Kenneth Omeruo comes full circle
Barring a late medical turnaround that would see Leon Balogun pass a fitness test, it is almost certain that Kenneth Omeruo will start in central defence for Nigeria against Croatia on Saturday, alongside William Troost-Ekong.
That would be a remarkable comeback story for the 24-year-old, who has endured a topsy-turvy international career since making his breakthrough as a cadet in 2009.
Omeruo, along with 2018 World Cup teammate Ogenyi Onazi, were some of the standout talents from the Nigeria Under-17 team which reached the World Cup Final on home soil in 2009.
Even though they lost that final, Omeruo was tipped to become a senior team stalwart almost immediately and it didn't take long for him to reach that pedestal.
Tw years later, and with months of helping Nigeria to the Under-20 World Cup quarterfinals in 2011, the 19-year-old Omeruo made his senior bow against Cape Verde.
Before long, he formed a formidable partnership with Godfrey Oboabona at the heart of the Nigeria defense, continuously being selected ahead of veteran Joseph Yobo as the Super Eagles stunned even themselves to win the 2013 African Nations Cup.
Only an inopportune injury to Oboabona broke up that partnership at the 2014 World Cup, allowing Yobo back in.
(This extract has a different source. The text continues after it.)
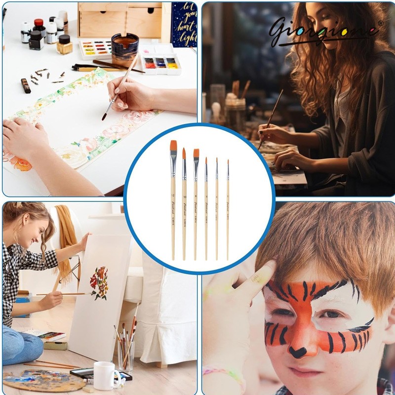 Giorgione Artist Paint Brush Set Of 6 Nylon Bristles Round & Flat Paint Brushes 2-4-6-8-10-12 (G-BR16)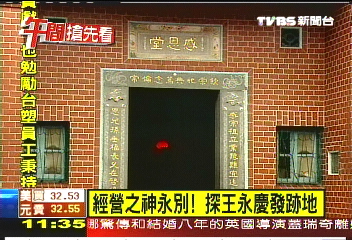 中新網10月16日電 臺灣“經營之神”王永慶今天去世。臺灣TVBS報道說,白手起家的他,當年就是從新店直潭發跡,祖厝“感恩堂”還保留著當年三合院的格局,盡管不是出身大戶人家,不過外頭有一道龍形圍墻,王永慶日后確實也像這龍一樣事業飛黃騰達。

But within the space of one year, Omeruo had played and won the African Nations Cup, played at the FIFA Confederations Cup and at the FIFA World Cup, all at just 20 years of age. The world looked nothing if not his oyster.
Until it wasn't.
A disastrous 2015 African Nations Cup qualifying campaign ended with the Super Eagles failing to qualify, a 2-2 draw at home against South Africa putting the final nail on their coffin. Omeruo endured one of the worst games of his career as he helped gift Bafana Bafana two goals.
But the defender's talent and ability was to be both his blessing and his curse.
Despite the fact that Omeruo was just recovering from a bout of malaria, the late Stephen Keshi - seeing his squad decimated by injuries - had no option but to throw the recovering defender into the fray alongside Azubike Egwuekwe. It proved to be a monumental failure of judgement.
That game marked the beginning of the player's decline. His confidence looked shot, and although he kept his place as a national team starter, doubts began to creep in among fans.
When his mistake allowed the aging Collins Mbesuma to score against Nigeria in the opening game of these World Cup qualifiers, those doubts increased despite the Eagles bagging a valuable 2-1 road win.
He quickly plunged down the pecking order, to the point where Gernot Rohr decided to trust a young and inexperienced Chidozie Awaziem over Omeruo, who had over half a century of caps going in, against South Africa in another Nations Cup qualifier.
It marked the depth of Omeruo's international career, but worse was to come when Rohr first put him on standby, then let him out of the squad altogether at one point during qualifiers.
It looked for everything like Omeruo's international career was coming to an end. But the youngster is nothing if not a fighter, and fight he did.
This past season, after yet another loan move from his parent club Chelsea, this time to Kasimpasa in Turkey, he played more games and chalked up more minutes than at any other time in his career.
Rohr did not fail to take notice, and Omeruo earned himself consistent call-ups to the Nigeria squad. But between Troost-Ekong and Balogun, they had annexed the centreback partnership, forming what has now come to be known affectionately by Nigerian fans as the "Oyibo Wall".
The former cadet has been forced to work his way back up the ladder, and how he has.
Substitute performances in friendly games have shown not just his remarkable improvement, but a new confidence and determination to get back to the top, either as a two-man centreback pairing, or as the third of a back three.
His pace remains a useful asset, but his new composure and intelligent tackling have also played a part.
There will be groans and moans from fans and media to see his name on the start sheet if Balogun fails to make it.
But if he does get to start against Croatia, this will be Omeruo's chance - perhaps his last - to prove that cometh the hour, cometh the man. That he has matured into the defender everyone hoped he would be.
And that when the heat comes, he has skin thick enough to stay on the kitchen.